To make life easier, Cisco Router and Security Device Manager offers what Cisco calls "task-based smart wizards" to help with everything from initial configuration to more complicated WAN/LAN and security configurations. It's a logical step forward in device management for small and medium-sized businesses, and also useful for enterprise branch offices environments, where CiscoWorks might be the primary configuration management tool, and Cisco Router and Security Device Manager is used for troubleshooting or to allow read-only access to the device for local personnel. The download and additional information can be found at http://www.cisco.com/go/sdm.
SDM also employs SSL and SSH connections to allow administrators to easily configure routers remotely.
When you start SDM, you see a screen like the one in Figure 3-8. It gives you a quick snapshot of the status of your router, including:
What features are available for your router (like VPNs, firewall, and so forth)
Interface and connection configuration information
Firewall configuration information
VPN configuration information
Figure 3-8: The SDM home page shows a summary of router information
Smart Wizards are used in SDM to help configure the various features of your Cisco router. These wizards are helpful, because you can configure these features simply pointing and clicking, rather than try to figure out the cryptic command line.

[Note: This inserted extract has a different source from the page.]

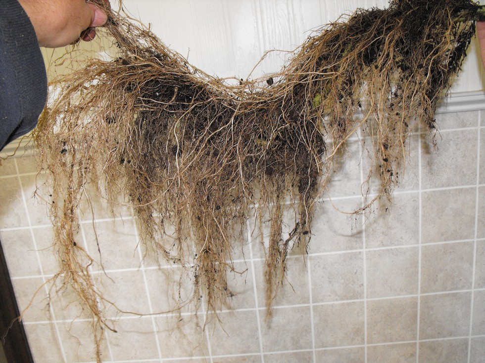 Here is a 24" upper in soil section of a 68" tall Steak House Tomato plant I grew this last winter in stacked buckets and planters. The root system was alot bigger than you see as most of it was tore up when I removed all the potting soil. There were big heavy roots all the way down in the bottom section as you will see in some other pics. I did not do anything special other than introduce worms and coffee grounds to the system with weekly watering. Did some simple pruning on this plant and produced a 2.68 pound Tasty Mater. The #2 plant I grew produced a nice 2.25 pounder, nothin special but a good experiment over the winter.

Launching one of the wizards is just like the countless other wizards you've probably used with a Windows system. For example, to configure the serial line, we started the WAN Wizard. Its starting screen is shown in Figure 3-9.

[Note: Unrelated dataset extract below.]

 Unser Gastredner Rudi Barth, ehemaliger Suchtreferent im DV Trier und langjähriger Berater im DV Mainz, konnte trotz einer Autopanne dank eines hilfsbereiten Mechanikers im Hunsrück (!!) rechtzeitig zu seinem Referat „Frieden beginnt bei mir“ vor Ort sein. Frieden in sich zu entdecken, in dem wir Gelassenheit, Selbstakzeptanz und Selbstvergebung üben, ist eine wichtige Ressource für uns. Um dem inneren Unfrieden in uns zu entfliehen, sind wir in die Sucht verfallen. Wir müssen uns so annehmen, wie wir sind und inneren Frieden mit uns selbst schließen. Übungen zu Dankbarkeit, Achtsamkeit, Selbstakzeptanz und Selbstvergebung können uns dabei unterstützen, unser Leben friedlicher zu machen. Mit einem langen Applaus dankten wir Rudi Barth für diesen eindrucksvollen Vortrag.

Figure 3-9: SDM aids configuration with a number of Wizards, like the WAN Wizard
Once we've selected the interface we wish to configure–-in this case, the serial line-we are taken to another page, this one asking what type of encapsulation we want to configure. As Figure 3-10 shows, we're given the option between Frame Relay, Pointto-Point Protocol, or High-Level Data Link Control.
Figure 3-10: Choose the encapsulation type that best meets your needs
After choosing our encapsulation type, we're taken to another screen, shown in Figure 3-11, that asks us for the connection's IP address and subnet mask.

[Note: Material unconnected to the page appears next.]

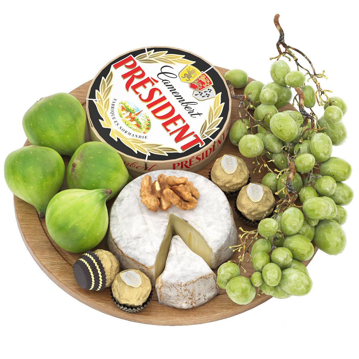 plate of cheese figs and grapes |

Figure 3-11: Enter the connection's IP address and subnet mask
Once the wizard is done gathering information from you, it turns your choices and instructions into a configuration file for the router.
The command line isn't totally out of the picture. The fact of the matter is that once you configure your router or a feature on the router, SDM takes what you've pointed and clicked to and turns it into IOS code.
SDM also lets you monitor your router so that you can observe real-time metrics. For instance, the screen in Figure 3-12 shows a number of useful details. We can examine the CPU usage, total memory used, and flash memory used. Furthermore, we can examine the status of each connection, showing us whether it is up or down and how much bandwidth is being used.
Figure 3-12: SDM allows monitoring of various router details
To get even more in depth on an interface, clicking Interface Status on the left column of icons launches a tracking tool that allows you to monitor such details as:
Bytes in and out
Packets in and out
This tool is shown in Figure 3-13.
Figure 3-13: The Interface Status tool allows you to track interface statistics
SDM also allows you to quickly configure a firewall on your router. The Firewall Wizard can walk you through the steps needed to implement varying levels of security.
Another feature of SDM is the Router Security Audit. When you launch this tool, SDM examines your router's configuration and tells you where security needs to be bolstered. An example is shown in Figure 3-14.
Figure 3-14: The Router Security Audit tool examines the router's security configuration
Once this tool has examined your router and identifies any weaknesses, you can check individual issues, which can then be automatically corrected by SDM.